Sebastian Barry and Abi Daré: This week’s best new fiction


From Sebastian Barry’s splendidly old-fashioned A Thousand Moons to an ultimately uplifting debut from Abi Daré, this week’s best new fiction

A Thousand Moons

Sebastian Barry                                                                                           Faber £18.99

Set in rural Tennessee in the period after the Civil War, A Thousand Moons is a strange and beautiful story, narrated by a young Native American girl who has been adopted by two Irishmen who are openly living together, and whose tale Barry told in Days Without End

If elements in the novel strain credulity, he’s a good enough storyteller to keep his rickety Wild West wagon rolling. 

The result is a splendidly old-fashioned yarn, shot through with fine phrases and graced by a high-spirited young heroine whose brushes with death have the spine tingling nicely.

Max Davidson

 

The Girl With The Louding Voice

Abi Daré                                                                                                      Sceptre £12.99

Adunni is a 14-year-old girl from a rural village in Nigeria where old traditions continue to hold sway in a deeply patriarchal society. 

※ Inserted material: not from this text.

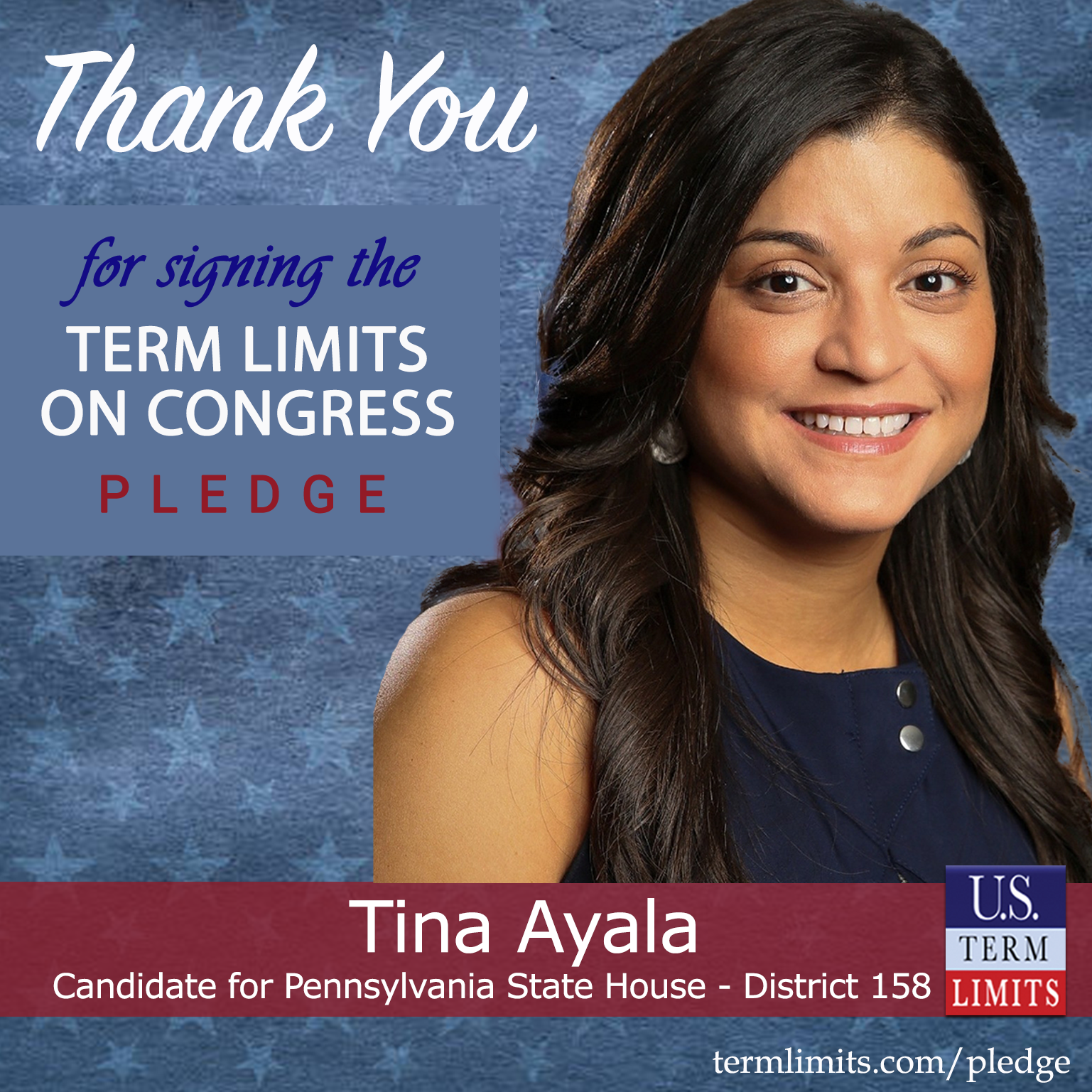Kennett Square, PA – U.S. Term Limits (USTL), the leader in the national, non-partisan movement to limit terms for elected officials, is gathering support from state lawmakers across the nation. Its mission is to get 34 states to apply for an amendment proposal convention specific to term limits on Congress. Pennsylvania state house candidate, Tina Ayala (district 158), has committed support for term limits on Congress by signing the term limits convention pledge.

Dreaming of an education and a better life, she is instead sold by her father to an abusive old man, whose third wife she’s to be. She escapes, only to find herself enslaved to a wealthy family in Lagos. 

Narrated by Adunni herself in a brilliantly sustained broken English, this ultimately uplifting debut novel shines a penetrating light on the barbaric practices of child labour and child marriage.